Hrant'ın Arkadaşları'ndan Bülent Aydın konuşma yaptı.

Davanın on yılı aşkındır sürdüğünü hatırlatan aydın “İlk defa bu duruşmada Dink cinayetinden yargılananların davaları birleştirildi” dedi.

"Hrant Dink davasında adalet nöbetimiz devam edecek. Bu cinayetle ilgili herkes yargılanana ve cezalandırılana kadar adalet talebimizi sürdüreceğiz” diyen Aydın, 5 Temmuz'da aralarında Hrant'ın Arkadaşları'ndan Özlem Dalkıran'ın da olduğu 10 hak savunucusunun operasyonla gözaltına alınıp sekizinin tutuklandığını hatırlattı.“Hak savunucularının gözaltına alınıp tutuklanmalarıyla Türkiye'nin adaletsizlik çıtası bir adım daha yükseldi” diyen Aydın şöyle devam etti:

"Diğer savunucusularıyla birlikte gözaltına alınan ve tutuklanan arkadaşımız Özlem Dalkıran'a buradan bir selam gönderiyoruz. Özlem Dalkıran ve diğer hak savunucuları 27 gündür özgür değiller.

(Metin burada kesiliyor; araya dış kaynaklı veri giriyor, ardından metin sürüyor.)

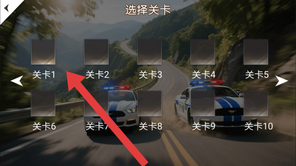 2、界面显示选择关卡,有关卡1-关卡10等选项,背景是公路上的警车,玩家驾驶警车完成各关卡任务的玩法。
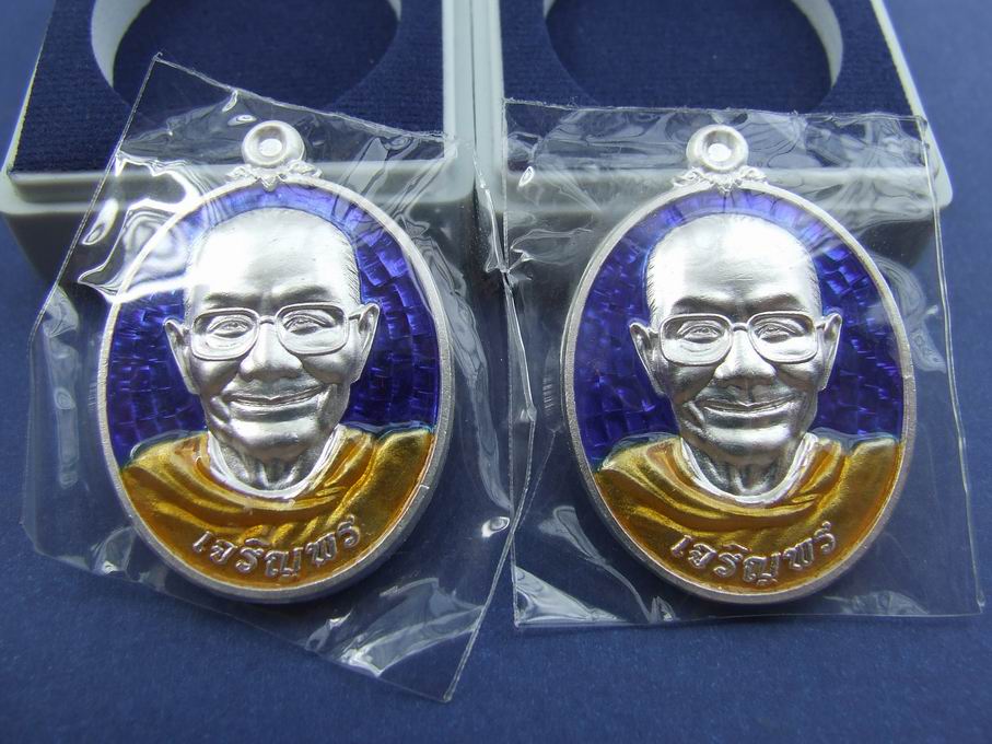9. เหรียญรูปไข่หลวงพ่อจรัญ เจริญพรครึ่งองค์ (เจริญพรล่าง) เนื้อเงินลงยาสีน้ำเงิน (จากกรรมการใหญ่) สร้าง 399 เหรียญ ๆ ละ 4,000 บ.
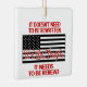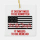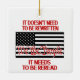 Ovanpå en svart och vit bild av den amerikanska flagga i rött står ord "We the People". Ovanför står det: "Det behöver inte skrivas om." Under flagga står det: "Det måste läsas om." Bilden skrivs ut på båda sidor om dekorationen.
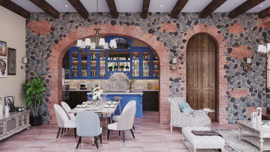 Entre los detalles arquitectónicos que le dan carácter a esta casa destacan la chimenea ubicada en el área social exterior de doble altura, una segunda chimenea en la sala del sótano, y los arcos que enmarcan las escaleras exteriores que conducen al sótano. Estos elementos se complementan con una fuente/jacuzzi que añade un toque distintivo al diseño.
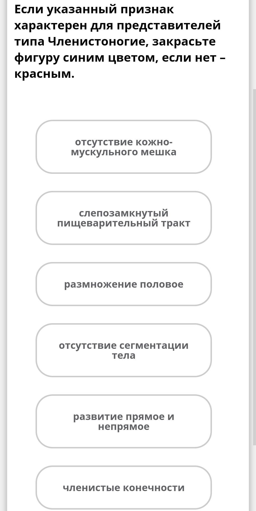 если указанный признак характерен для представителей типа членистоногие, закрасьте фигуру синим, а если нет то красным
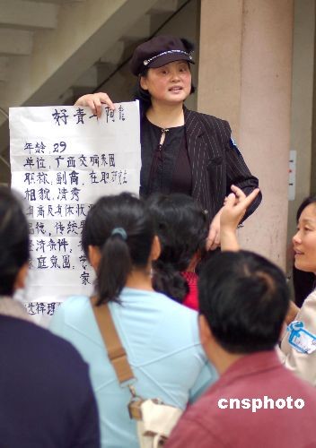 圖為一位媽媽手持簡介在賣力地推介自己的“好青年”兒子,吸引眾多相親人士。中新社發(fā) 劉萬強 攝
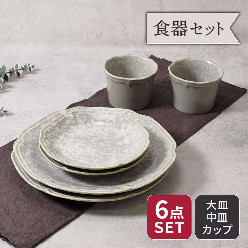 ■プレート 大皿・中皿 & カップ 2人用 6点セット 3種×各2点 細雪 グレー 割引セット 送料無料 福袋 洋食器 おしゃれ モダン 和モダン
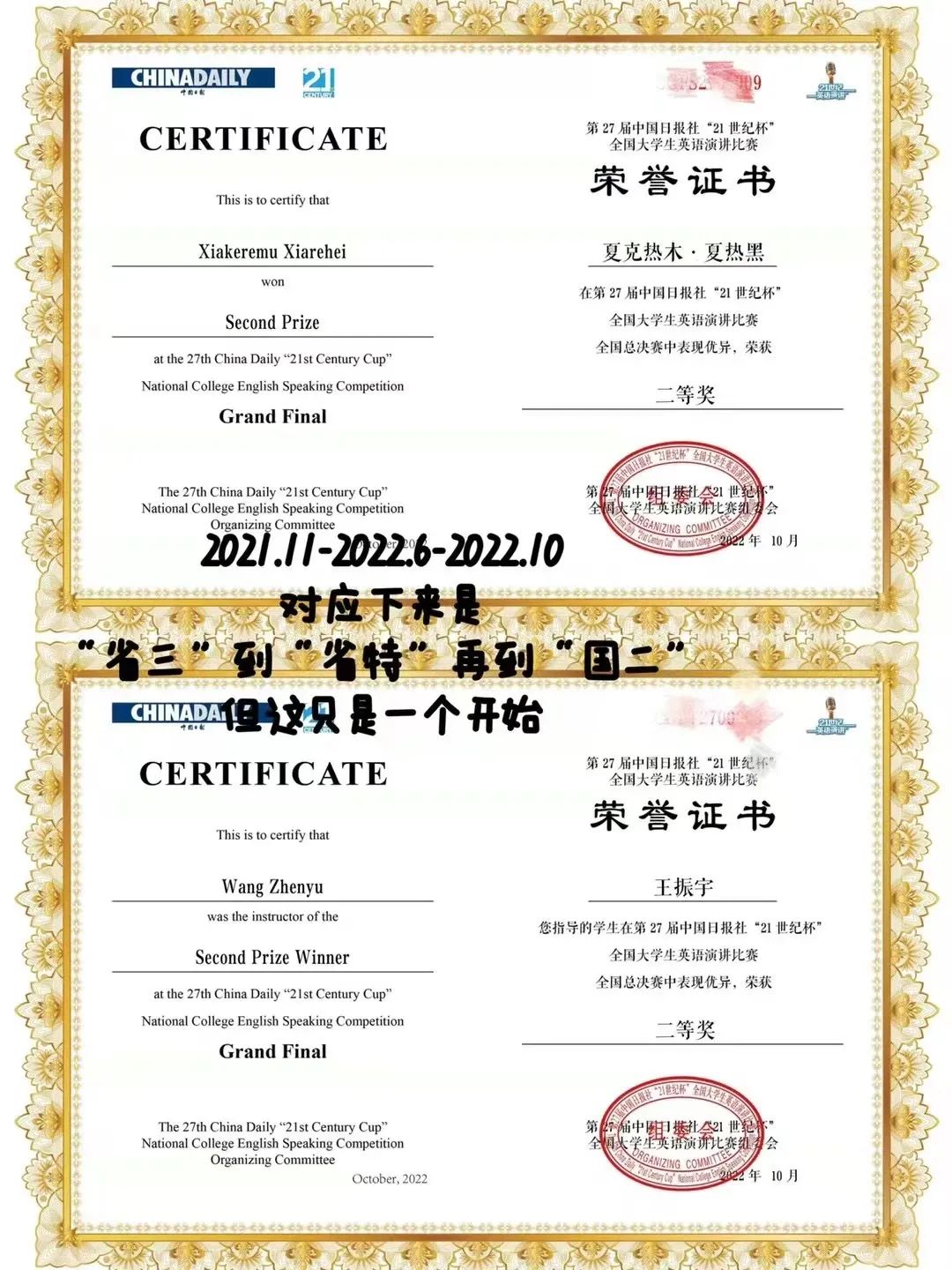 出色的表现来源于平时的练习和积累。此前的2021年,在“爱在广东”民族团结进步教育活动主题演讲中,夏克热木就凭借出色的表演获得“一等奖”的好成绩。
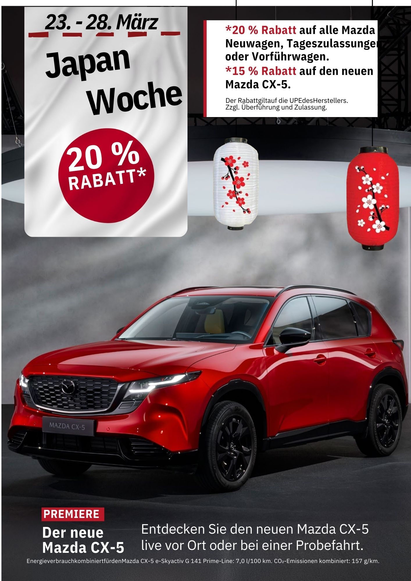 Im Rahmen unserer Japanwochen vom 23. bis 28. März erwarten Sie attraktive Angebote rund um Mazda.

Hak savunucularının bile tutuklanıp yargılandığı bir ülke haline geldi Türkiye. Özlem Dalkıran'ın ve hak savunucularının akıl almaz gerekçelerle tutuklanmalarını kabul etmiyoruz."

"TUZAK VE KOMPLOYLA KARŞI KARŞIYAYIZ"

“Hak savunucularına kurulmuş bir tuzak ve komployla karşı karşıyayız. Bu süreçte her gün yemi bir yaşan ve karalama bülteni halinde çıkan bazı gazeteler ise basın tarihimizin utanç sayfaları arasında yerini almaya devam ediyor.

Özlem Dalkıran yaşamı boyunca barış, adalet ve insan hakları için mücadele eden arkadaşımızdır. Onu bir an önce yanımızda görmek istiyoruz. Özlem'in yeri yanımız ve Türkiye'nin demokrasi mücadelesidir.”